When you call the install() function to initialize CrashRpt, you specify the email address you want the crash dump sent to, but how does the CrashPrt library know how to send the email to that address? Wouldn't the library have to know the email client settings for each individual user?

When a fatal crash occurs in my code, the CrashRpt dialog box pops up and when I enter my email address and click the send button, it takes me to a "Save File" dialog box where I can save the zipped package and the account specified in the Install() function never receives an email.

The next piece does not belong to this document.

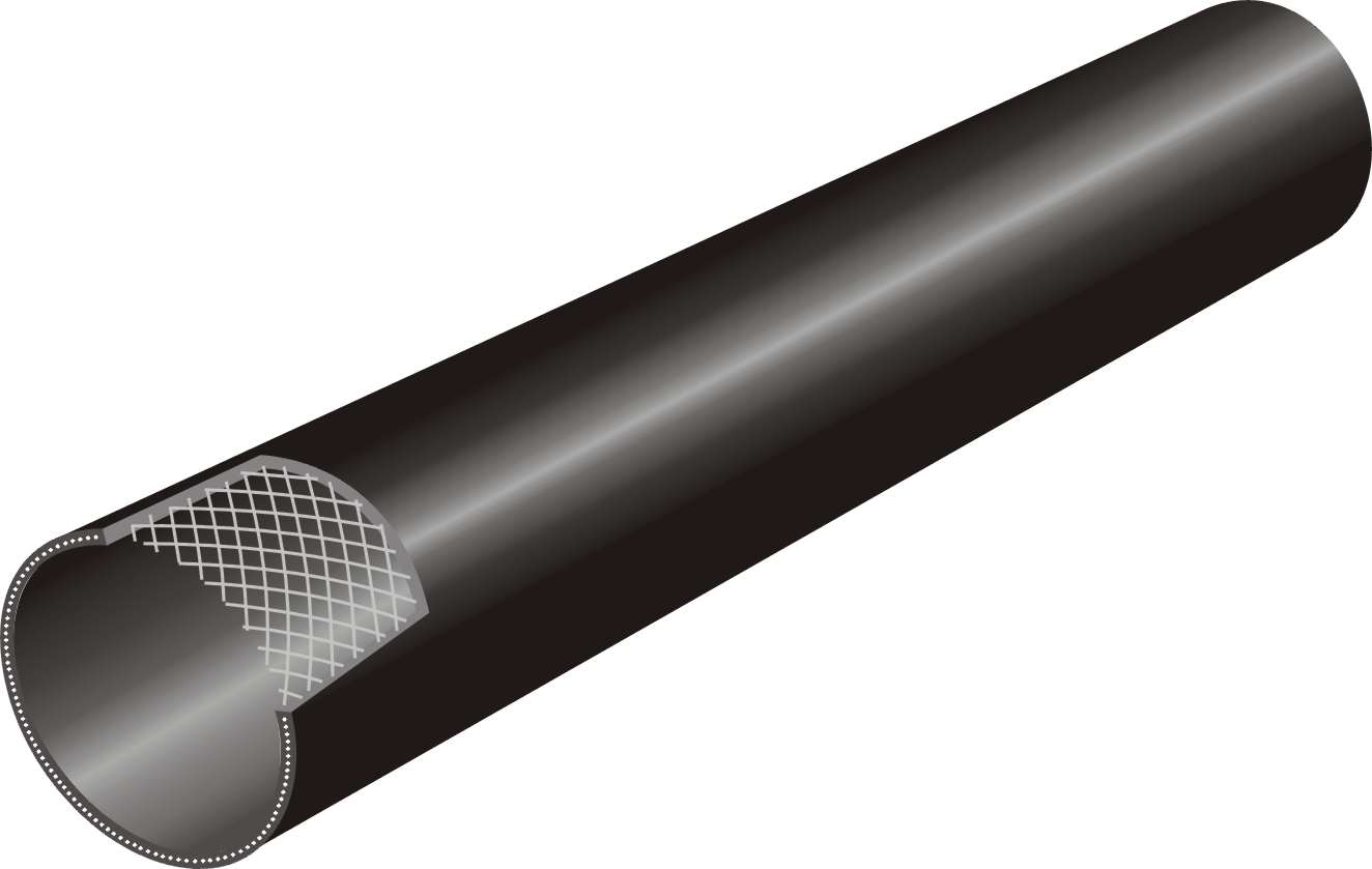 海揚牌鋼絲網骨架聚乙烯(PE)復合管是以高強度鋼絲左右螺旋纏繞成型的網狀骨架為增強體,以高密度聚乙烯(HDPE)為基體,并用高性能的粘接樹脂層將鋼絲網骨架與內外層高密度聚乙烯緊密連接在一起。該粘接樹脂是一種高性能粘接材料,屬于HDPE改性材料,與HDPE 在加熱條件下能完全熔融為一體, 同時,其極性鍵與鋼有極強的粘接性能, 由于粘接樹脂的使用, 成功地解決了鋼
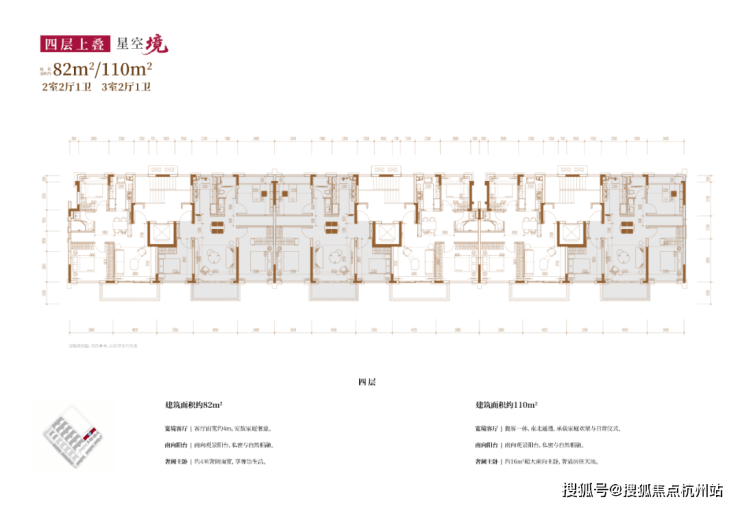 建面约82㎡2房2厅2卫/110㎡3房2厅2卫(四层上叠):

Thanks in advance for any and all help! I'm clearly missing something.

+1  A: 

What CrashRpt does for emailing:

The email system simply uses MAPI to send your email. Which would try to use your default mail client if you have one, and if it supports MAPI. Take a look at MailMsg.cpp for details.

Personal experience:

In my company's usage of CrashRpt, we modified it a bit though to call a web service that we created which submits the crash report. So we gutted the emailing code completely from CrashRpt. And instead we have in our bug tracking system a section for crashes that were auto submitted when crashes happen.

To find your problem:

I would maybe try to debug the CrashRpt code to see why it's giving you a save dialog. It should instead just open your default mail client. Maybe you have an older version of the library, or maybe the dialog resources are a little messed. Debugging the code will tell you this though.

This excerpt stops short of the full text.